Vasilisa Perelygina and Viktoria Miroshnichenko

 

Kantemir Balagov’s film is set in Leningrad just after World War II when the community is trying to rebuild their lives following the destruction of the city. Balagov concentrates on two women, Iya and Masha, who are both nurses living and working in a hospital, looking after the patients, many of whom are soldiers returning from the war with physical and mental injuries. Iya is the ‘beanpole’ of the title, a tall thin girl who seems to be an innocent trying to cope with life. She is very close to her friend Masha to the point of a physicality that borders on the edge of lesbianism, although it is never openly specified as such. They both have their problems with men as their partners remain in hospital with war injuries.

Iya has become the carer of Masha’s son, who is malformed in some way. Extraordinarily Iya smothers the life out of the child, either accidentally or on purpose, because we never really know either way. Masha wants to have another child but seems physically incapable of conceiving again, so Iya agrees to have a baby and give it to Masha. However, Masha still tries to become pregnant by an unsuitable local teenage boy, after which Iya then virtually becomes Masha’s partner by forcing her own misguided love-hate passion onto her friend.

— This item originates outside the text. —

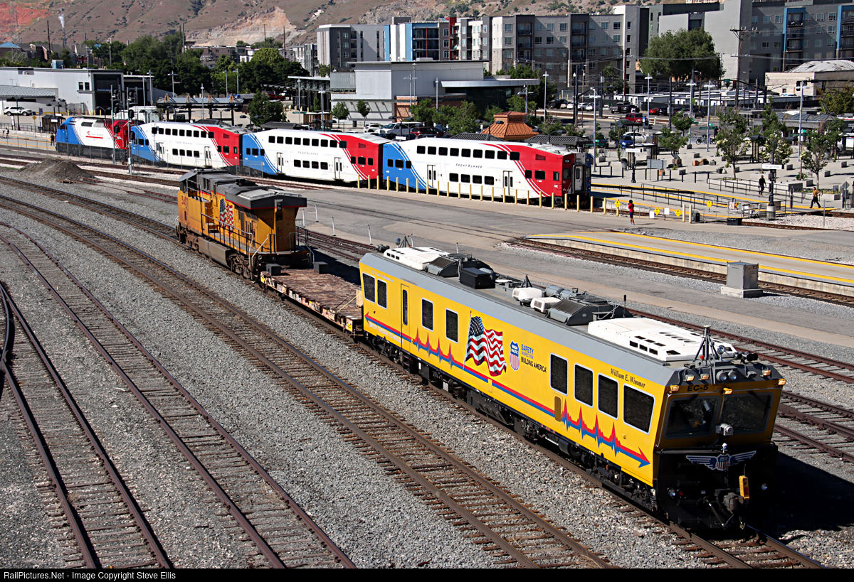 | I actually was trying to catch another train. When this track inspection train with EC-5 and 5407 came onto the scene. Front Runner number 6 also decided to get in on the picture. 6 is painted in commemoration of 15 years of Front Runner. |

Balagov, still in his late twenties, appears to have all the experience of a director twice his age, even though this is only his second film. The way he handles his actors is both brutal and sympathetic. He elicits extraordinary performances from Viktoria Mirsoshnichenko as Iya and Vasilisa Perelygina as Masha, as well as his supporting cast of Konstantin Balakirev as Stepan and Nikolay Ivanovich as Bykov, two of the men in the women’s lives. The film resonates with harrowing detail, but slowly and surely in a very positive and mature way. Some of the scenes are uncomfortably bleak with despair but then, following the ravages of war, the population of Leningrad were fighting to become human again. Beanpole was a prizewinner at Cannes this year, repeating the success of his first film, Closeness, in 2017. Kantemir Balagov is obviously an important director to watch.

 

MICHAEL DARVELL

 

Cast: Viktoria Miroshnichenko, Vasilisa Perelygina, Konstantin Balakikev, Andrey Bykov, Ksenia Kutepova, Igor Shirokov, Olga Dragunova, Timofey Glazkov.

 

Dir Kantemir Balagov, Pro Natalia Gorina, Sergey Melkumov, Ellen Rodnianski and Alexander Rodnyansky, Screenplay Kantemir Balagov and Aleksandr Terekhov, Ph Kseniya Sereda, Pro Des Sergey Ivanov, Ed Igor Litoninskiy, Music Evgueni Galperine, Costumes Olga Smirnova.

 

AR Content/Non-Stop Productions-BTeam Pictures

130 mins. Russia. 2019. Rel: 3 October 2019. Cert. 18.